The Mt. Monadnock Blues Read online

Page 23


  “So this is a place you like to hang out,” said Tim.

  It was sheltered and peaceful here, the way it was intended. There was a clear prospect across a palette of greens to Monadnock—always Monadnock. You saw it from a hundred angles, in a dozen different towns. Wild crabapple trees, their miniature fruit hung like ornaments, marked the forest edge.

  “You can look, if you want,” said Billy, after emerging from a quick huddle with his sister.

  “I would like that.”

  “It’s not a real stone,” said Cindy, as she tugged him along by the hand. “It’s only wooden. Billy wants to get a real stone.”

  “I want them to really be here, too.”

  “Close to home,” said Tim.

  Billy nodded. Though the grim set to his face mostly reflected Billy’s quarrel with God, Tim gathered that he and Anne had incurred some blame for the Carolina burial.

  “They were made into ashes,” he reminded, gently. He had a thought, though, a way around that might prove helpful.

  “We know.”

  They appeared to know everything. And certainly they had done an impressive job. The short plank, roughsawn and weathered gray, blended in with the old slate markers. The orange chrysanthemums (planted as purchased, rootbound in plastic pots) were alive and bright. In an amateur stab at memorial calligraphy, one of them had inscribed accurate dates for Jill and Monty: birth and death.

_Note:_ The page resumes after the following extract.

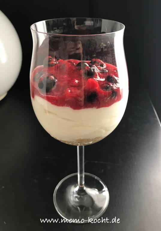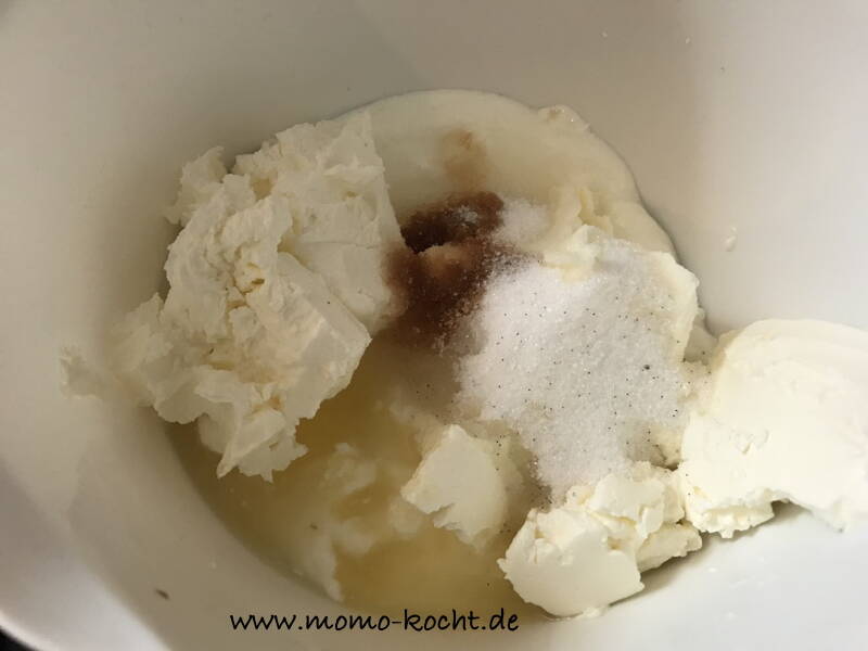 Nun Joghurt, Frischkäse, Zucker, Vanille-Extrakt, Bourbon-Vanille-Zucker und den Zitronensaft in eine Schüssel geben und gut verquirlen. Danach die Sahne unterheben. Dies dann in einen Spritzbeutel geben und in den sechs Gläsern über die Kekse gleichmäßig verteilen. Alle Gläser kommen dann in den Kühlschrank.

  “How did you manage this? You didn’t even have the shovel.”

  “We took the old one, with the cracked handle.”

  “You did a beautiful job. And this is a beautiful place.”

  “Do you really like it, Unk?”

  “I love it, and I love you. You guys are way too great for words. And you know what? Maybe we really can bring them here someday.”

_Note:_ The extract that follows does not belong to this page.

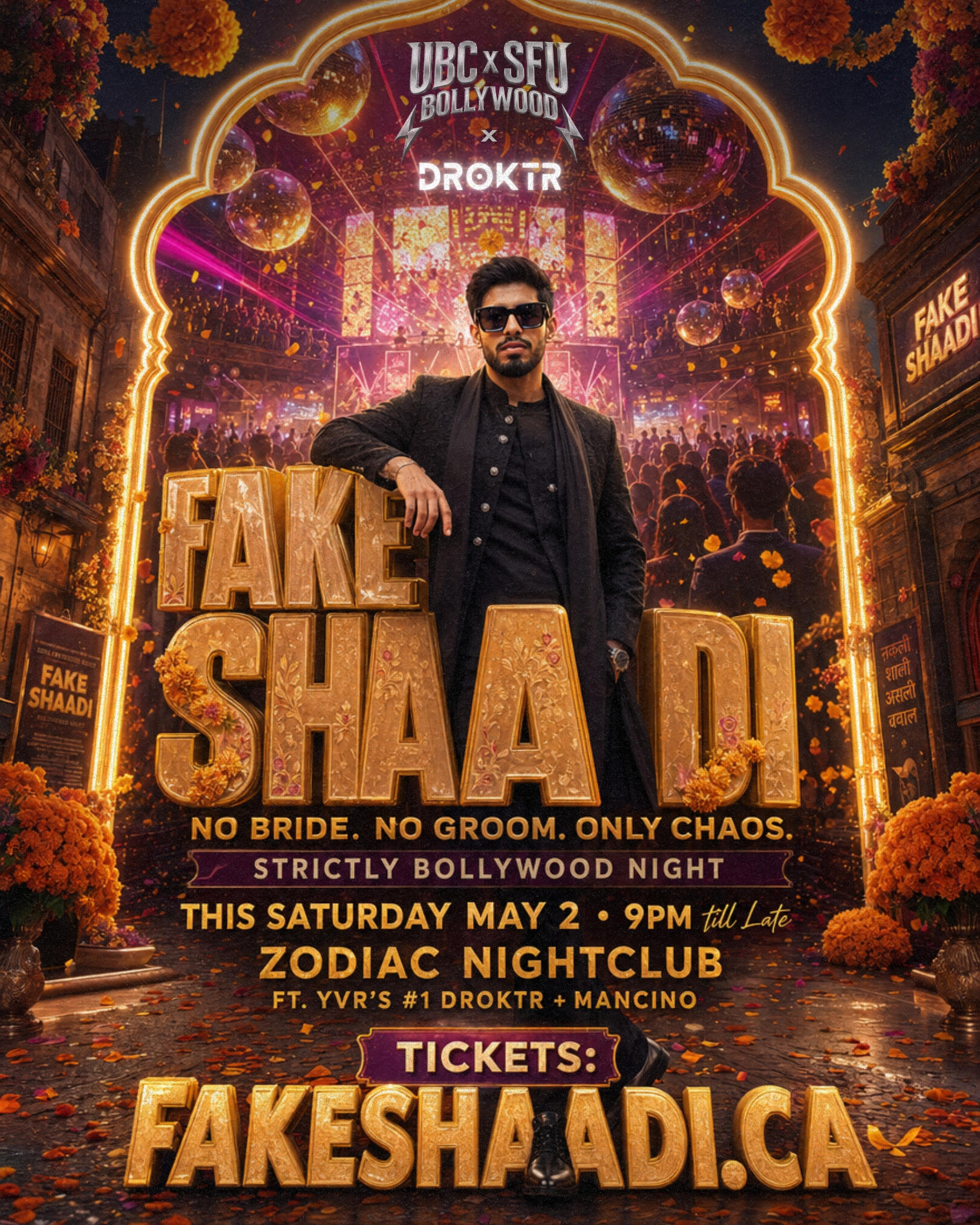 FAKE SHAADI: Strictly Bollywood Night ft. YVR's #1 DROKTRVancouver, get ready — After hosting Canada's Biggest Fake Shaadi last year, we're back for a Fake Shaadi Pop up - we’re turning Zodiac Nightclub into a full Fake Shaadi experience for one massive Bollywood takeover.This Saturday, May 2 at 9PM onwards, expect nonstop Bollywood anthems, wedding-season energy, packed dancefloor moments, and full filmy vibes from start to finish.Featuring YVR’s #1 DROKTR alongside MANCINO, this is strictly Bollywood all event — the songs you know, the crowd you want, and the shaadi-style madness without the actual marriage.Come dressed to impress, bring your crew, and get ready for one of the most unique Bollywood parties in the city.Fake Shaadi - Strictly Bollywood Night

  “After Grandma dies? She’s old.”

  “You don’t have to be old,” said Billy, pointedly.

  “Are you going to die, Unk? From AIDS?”

  “I don’t have AIDS.”

  “You don’t?”

  “No, sweetheart.”

  These two were up to some tough talking. And they knew more at their young ages than Tim had known, or been told, at sixteen. They studied AIDS and sex education, sat in ampitheatres watching condoms being waved about, scribbled notes on the warning signs of genital herpes. In Tim’s health class, there were spelling bees (he won one, with the word esophagus) and lectures on the proper care of the teeth and gums.

  “I never even catch cold,” he said.

  “Me either,” said Billy.

  “Christmas you did,” said Cindy. “You sneezed in the stuffing.”

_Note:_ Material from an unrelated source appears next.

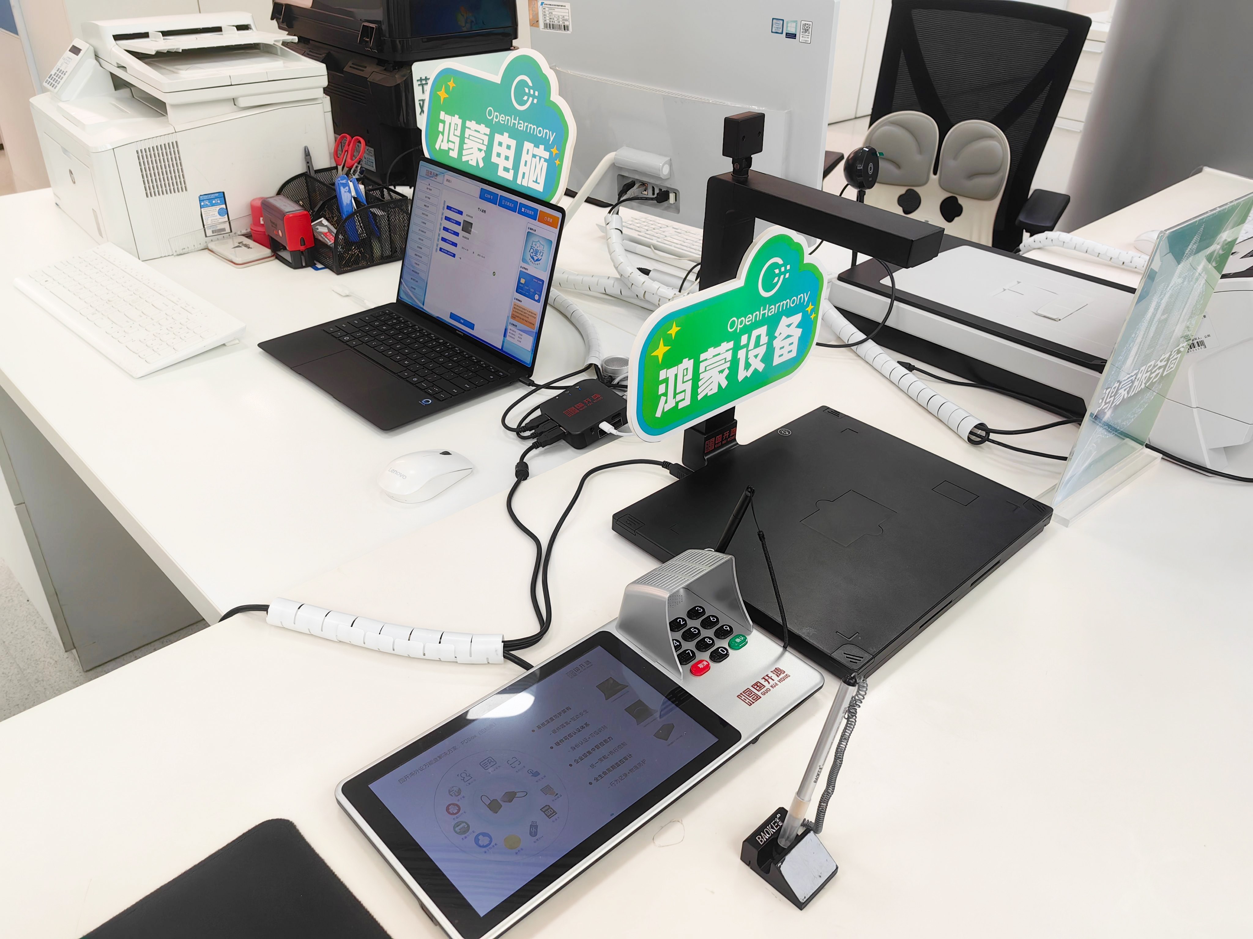 在服务窗口,工作人员不再需要在多个系统间频繁切换,通过一个鸿蒙协同界面,就能完成信息调取、材料打印、业务办理全流程操作。国开鸿依托开源鸿蒙系统对政务业务系统及各类外设设备的适配能力,让不同品牌、不同类型的政务设备实现协同联动,组成“鸿蒙超级终端”。信息调取、材料审核、业务办理一气呵成,为企业和群众提供高效、便捷、智能的一站式办事体验。

  “Anyone can sneeze. You can sneeze from a flower, Simp.”

  “So we’re all healthy,” said Tim. “And your grandmother may be old, but she’s a tough old bird.”

  “I’m a tough young bird.”

  “I’ll say you are,” said Tim, poking her belly until she gave back a giggle. “But we don’t want to rush your Grandma into old age. So I saved some of the ashes.”

  Giving birth to this idea minutes earlier, Tim had felt inspired. (Karl wasn’t the only one with ideas!) The falseness, and the difficulty attached to it, seemed mere details. Now as he released it into the open, he could survey the boundless swamp he had entered. “Where are they?” asked Billy, and instantly the layers began to build around Tim’s white lie.

  “A friend has them,” he said. “I hired him to make a special box.”

  “What’s his name?”

  “Peter,” said Tim quickly—the slightest hesitation would ring false—yet not quite randomly. He did have four friends named Peter. Before they could press for a surname, he plunged ahead: “I told him we need it soon. Before the first frost.”

  “Can we call him, when we get home?”

  “Sure. Though maybe tomorrow would be better, when he’s back in his workshop.”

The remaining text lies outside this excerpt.